## YOUR GOAL
Look in the data below for the line that has "The label inside", then print exactly every line from there through the line that has "Всередині книжки знаходиться", leaving pictures out.

[RECORDS FOR THIS TASK Boundary: Start]

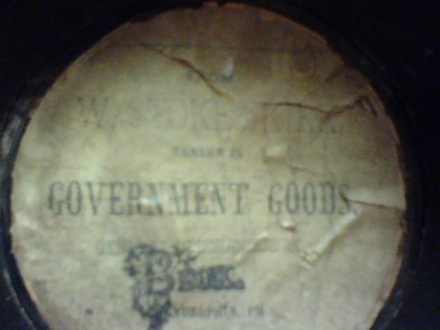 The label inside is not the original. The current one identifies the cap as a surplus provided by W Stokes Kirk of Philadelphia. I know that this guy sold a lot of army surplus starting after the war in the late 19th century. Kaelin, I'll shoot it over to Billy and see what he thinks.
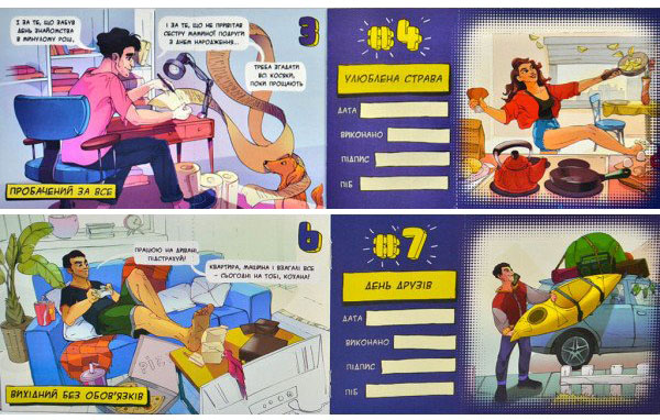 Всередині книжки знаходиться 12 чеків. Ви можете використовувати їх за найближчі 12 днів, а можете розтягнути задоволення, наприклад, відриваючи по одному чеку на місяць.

[RECORDS FOR THIS TASK Boundary: End]
[RECORDS FOR THIS TASK Boundary: Start]

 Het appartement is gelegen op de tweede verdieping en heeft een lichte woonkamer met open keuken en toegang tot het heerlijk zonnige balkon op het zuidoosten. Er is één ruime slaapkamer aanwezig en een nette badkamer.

[RECORDS FOR THIS TASK Boundary: End]

## EXERCISE OUTPUT
 The label inside is not the original. The current one identifies the cap as a surplus provided by W Stokes Kirk of Philadelphia. I know that this guy sold a lot of army surplus starting after the war in the late 19th century. Kaelin, I'll shoot it over to Billy and see what he thinks.
 Всередині книжки знаходиться 12 чеків. Ви можете використовувати їх за найближчі 12 днів, а можете розтягнути задоволення, наприклад, відриваючи по одному чеку на місяць.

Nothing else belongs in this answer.